Io Echo
opening for Garbage
Wellmont Theatre, Montclair, New Jersey • 3/20/13
May Terry
The LA duo of Ioanna Gika and Leopold Ross, aka Io Echo, has opened for Nine Inch Nails, played at a number of Hollywood premieres, were asked to perform private concerts at celebrity parties, and are currently opening for ’90s rock phenomenon Garbage on their latest tour.

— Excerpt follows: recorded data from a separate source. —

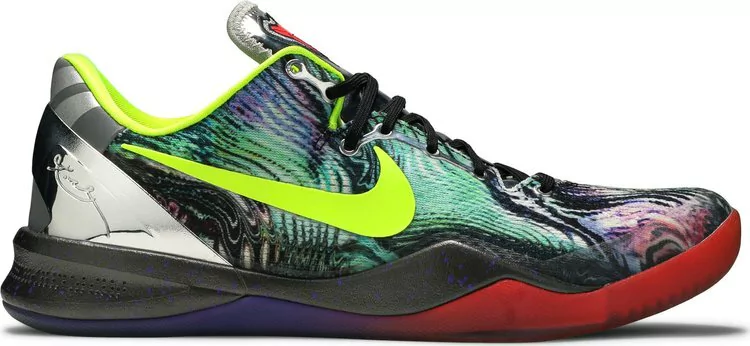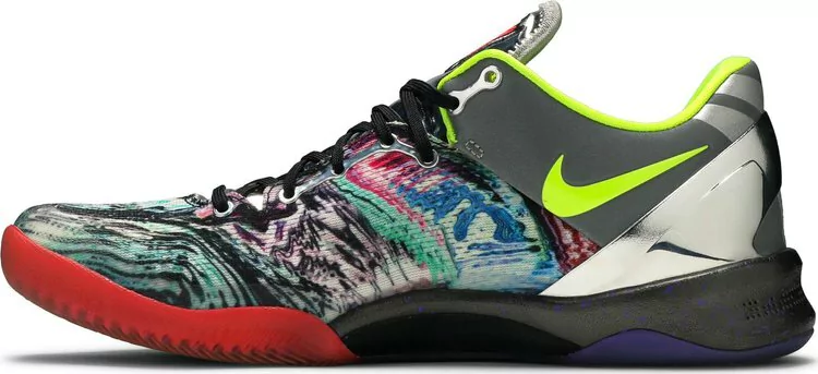 A parte superior da malha projetada do Nike Kobe 8 System 'Prelude' apresenta redemoinhos abstratos inspirados na arte contemporânea. O acabamento espelhado no calcanhar moldado simboliza o período de reflexão de Bryant após uma temporada 2012-2013 marcada por lesões. O design exclusivo termina com um Volt vibrante no Swoosh e detalhes em gradiente vermelho e roxo na sola.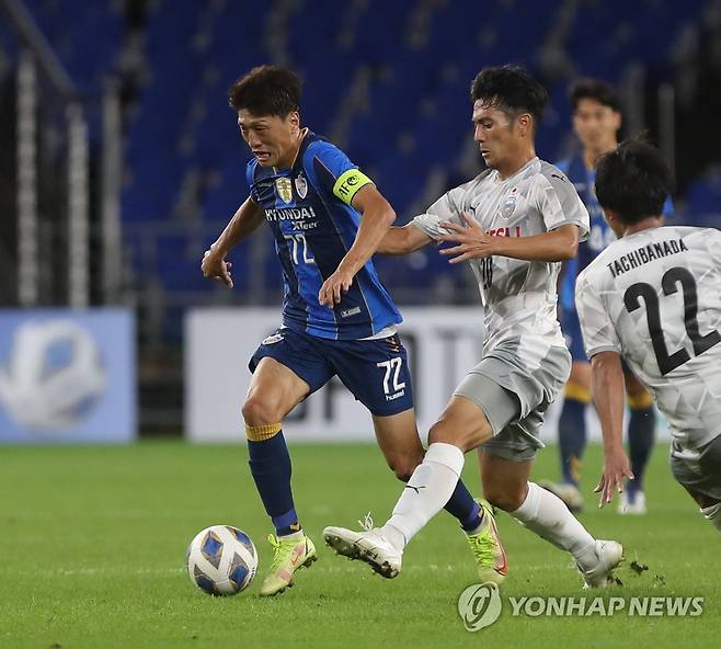 (울산=연합뉴스) 김용태 기자 = 14일 울산 문수축구경기장에서 열린 2021 아시아축구연맹(AFC) 챔피언스리그(ACL) 16강 울산 현대와 가와사키 프론탈레의 경기에서 울산 이청용이 드리블 돌파하고 있다. 2021.9.14
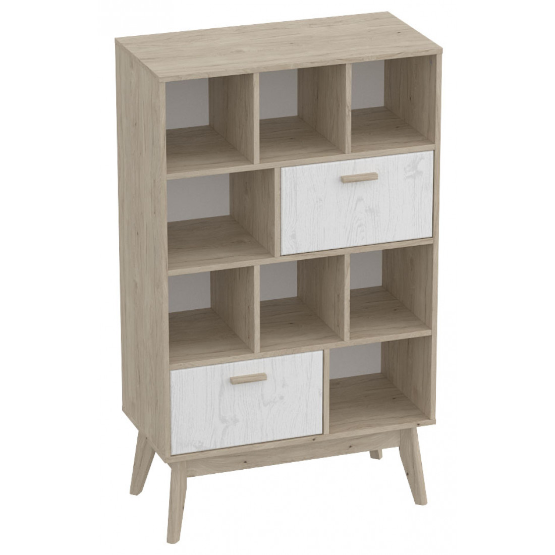 Ультратрендовый стеллаж Калгари от Мебельград, выполненный в светлых тонах с элементами сдержанного стиля 60-х - высокие ножки, выраженная деревянная текстура натурального дуба, четкие формы. Вся мебель очень мобильная, компактная, вызывает чуство легкости и свободного пространства, при этом она функциональна.

The first show of the Garbage tour stopped at the Wellmont Theatre in Montclair, New Jersey. Only 20 minutes from New York City, the Wellmont is a venue similar to Grammercy Theatre or Webster Hall in NYC, where big musical acts stop by to work the kinks out of their shows before hitting a major city venue. On that night, there were no kinks to work out for either band. It was an all around great show, and Io Echo proved to be a very worthy opening act for Scotland’s “divine Ms. M,” Shirley Manson.
Io Echo artfully blends a Pacific-Asian sensuality with a hard Western edge, a yin-yang of sounds from two remote continents – guitar grunge and ethereal Asian-infused synth tones that mimic the Chinese violins and Japanese koto harp sounds prevalent in their latest EP, Ministry of Love. There are elements of Asian pop with a touch of ’80s melodies in “When the Lilies Die” and “Ministry of Love,” and there’s the somber but delicately soft lament in songs like “Shanghai Girls.”
With a number of contributions to several film soundtracks and musical scores that include Rebel (starring James Franco), Snow White and the Huntsman, and The Book of Eli, Ross is no stranger to drawing from a palette of sounds for visual representation. This clearly showed during their set. Onstage, Gika weaved her illusion. Dressed in a flowery pink kimono amid a stage equally dressed with large Asian fans and oriental room dividers, she filled the room with highly reverberated but melodically smooth vocals.
At times it felt like a scene from an Asian fantasy film where the ghost appears in the courtyard of her lover’s home on a foggy night under the blue-tinged glow of a full moon. And yet, during the harder, more rocking parts of their set, Gika breaks out into a jumping, hair-whipping frenzy as bursts of bright light bled out from behind the oriental dividers. It was quite stunning to both watch and listen.
The short 30-minute set could have gone longer because when they were done, most of the audience, for a short moment, forgot that they were basically there to see Garbage (who, by the way, gave a phenomenal performance that night). Io Echo gave New Jerseyans a blissful audio-visual treat that night, like being served a beautifully presented Japanese fusion roll that you admiringly stare at before you pop a piece in your mouth for a taste of that heavenly goodness.